Print version ISSN 0102-8650On-line version ISSN 1678-2674

Acta Cir. Bras. vol.33 no.5 São Paulo May 2018

http://dx.doi.org/10.1590/s0102-865020180050000007 

ORIGINAL ARTICLES

7-Experimental Surgery

Fecal peritonitis in aging rat model. Therapeutic response to different antibiotic strategies1

Guilherme Veras MascenaI 

Carlos Alberto Figueiredo FilhoII 

Marcos Antônio Xavier de Lima JúniorIII 

Thárcia Kiara Beserra OliveiraIV 

Diego Nery Benevides GadelhaV 

Maria Cecília Santos Cavalcanti MeloV 

Carlos Teixeira BrandtVI 

IFellow PhD degree, Postgraduate Program in Surgery, Health Sciences Center, Universidade Federal de Pernambuco (UFPE), Recife-PE, Brazil. Acquisition and interpretation of data, manuscript writing.

IIFellow PhD degree, Postgraduate Program in Surgery, Health Sciences Center, UFPE, Recife-PE, Brazil. Acquisition of data.

IIIGraduate student, UNIFACISA, Campina Grande-PB, Brazil. Acquisition of data.

IVFellow PhD degree, Agricultural Engineering, Universidade Federal de Campina Grande (UFCG), Brazil.
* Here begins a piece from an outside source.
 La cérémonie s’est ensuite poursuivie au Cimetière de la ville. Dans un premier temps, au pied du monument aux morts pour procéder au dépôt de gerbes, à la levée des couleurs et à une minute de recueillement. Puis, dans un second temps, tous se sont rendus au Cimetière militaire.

Acquisition of data.

VPhD, Postgraduate Program in Surgery, Health Sciences Center, UFPE, Recife-PE, Brazil. Manuscript writing, critical revision.
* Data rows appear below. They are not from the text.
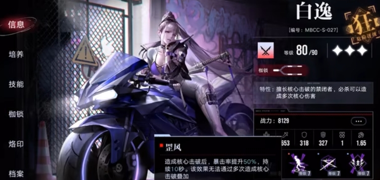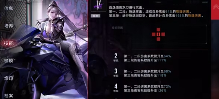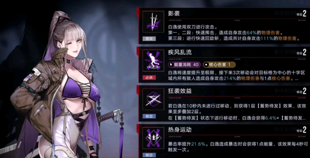 必杀是白逸接下来三次移动会对十字范围的敌人造成伤害并附加一点核心伤害,而且每次移动获得百分之十几暴击率提升,该效果能叠加,通谈必杀一共能获得百分之一百五的暴击率提升,必杀是白逸的核心技能,不管是破核还是打输出必杀的使用决定了白逸的上限,提升必杀等级仅提高移动造成的伤害,对于整体输出提升不大。被动一狂袭效益是白逸十秒钟之内没有进行移动能获得一层蓄势待发效果,这个效果能叠两层,在这个状态下进行移动白逸能获得一定攻击提升。
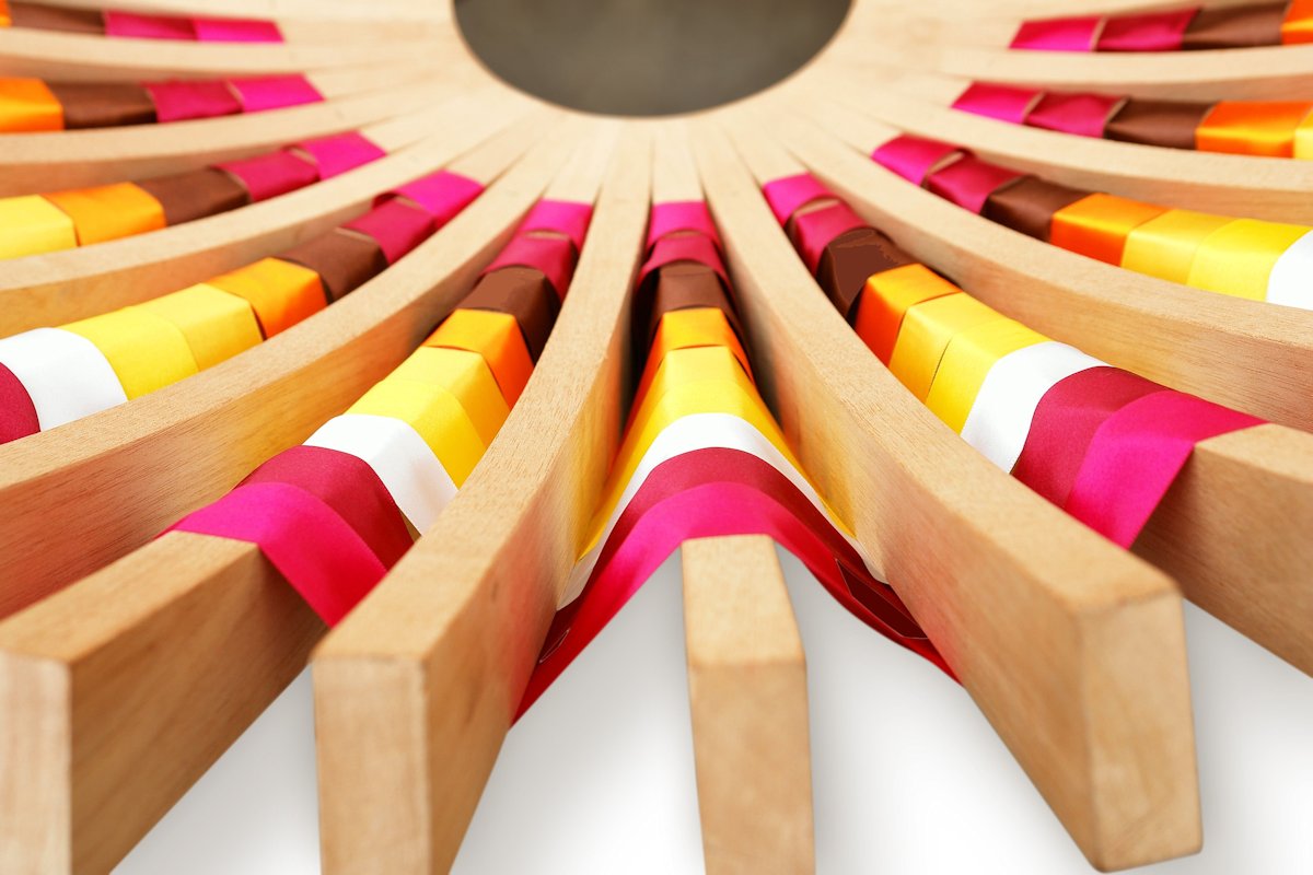 “Maria” is perhaps the closest name to what this work, with its round and elongated arms each holding tissues and the user, together concentrically ways recalls the image of a traditional Mexican dress, which when rotated, looks at the wind ruffles our party.
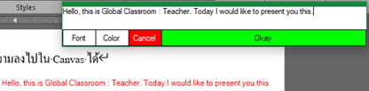 สามารถเปลี่ยนข้อความ เลือกสีและเลือก Font ต่างๆ แล้วใช้เม้าส์ลากบนหน้าจอจุดที่ต้องการวางข้อความ
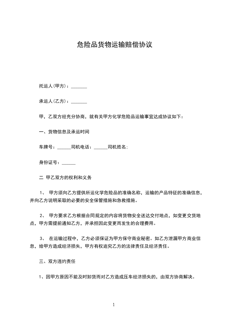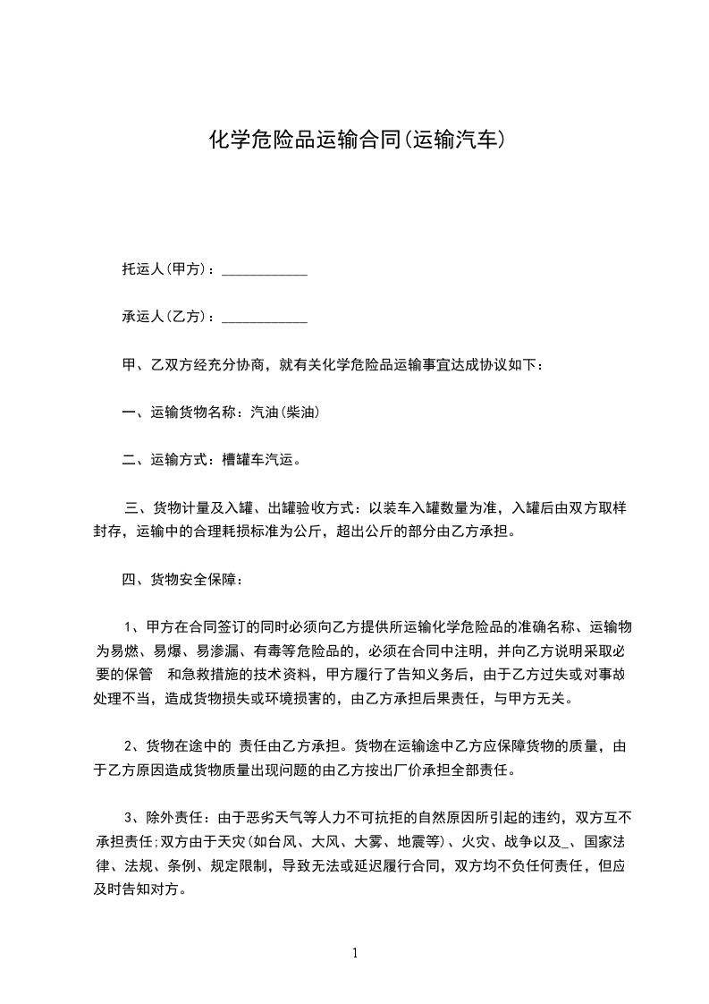 1、 甲方委托乙方承运货物基本情况:
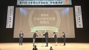 茂木先生の耳科学会賞授賞の瞬間です。正直次元が違い過ぎて言葉になりません。カッコ良過ぎて痺れると同時に、群馬大学の医局員として恥ずかしくないよう研鑽を積まなくてはと身が引き締まる思いでした。
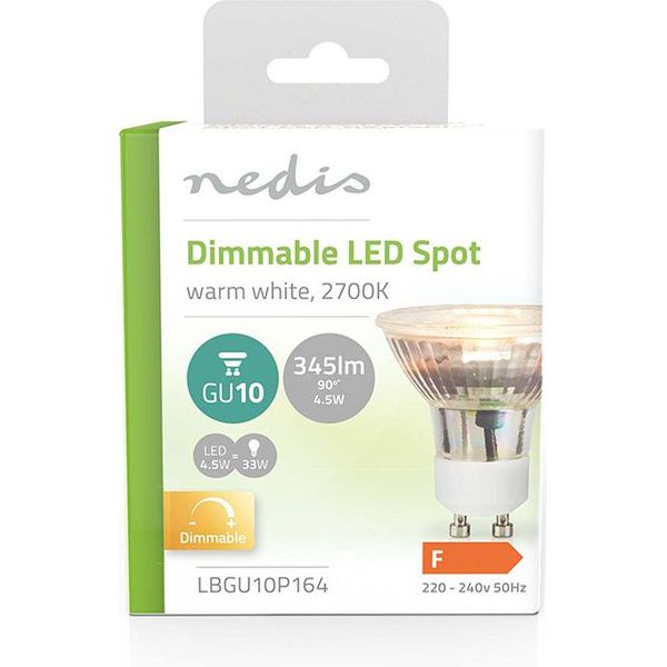 NEDIS LBGU10P164 LED BULB GU10 SPOT 4.5W 345LM 2700K WARM WHITE

VIPhD, Head, Postgraduate Program in Surgery, Health Sciences Center, UFPE, Recife-PE, Brazil. Interpretation of data, final revision.


Abstract

Purpose:

To evaluate the response of aging rats with sepsis to two different antibiotic regimens.

Methods:

The study was conducted with 30 aging rats (18 month-old) with autologous feces peritonitis. The animals were divided into three groups: Group 0 received no therapeutic intervention (control), while Group 1 received a single dose of 40 mg/kg meropenem and Group 2 received a single dose of 20 mg/kg moxifloxacin. The intervention in both Groups was made 6 hours after induction of peritonitis. The animals were followed up to 15 days for evaluating morbidity and mortality. The weights at baseline were similar in all groups.

Results:

At the end of follow-up, weight loss was significantly greater (p=0.0045) in Group 0 (non-intervention controls). Culture from a blood sample at the end of follow-up was positive in all the animals in Group 0, in two animals in Group 1 and in four animals in Group 2. Morbidity/mortality was significantly higher in Group 0 compared to both Groups 1 and 2 (p=0.003) but the scores were not significantly different between Groups 1 and 2 (p=0.6967).

Conclusion:

Both antibiotic regimens rendered promising results for the treatment of fecal peritonitis.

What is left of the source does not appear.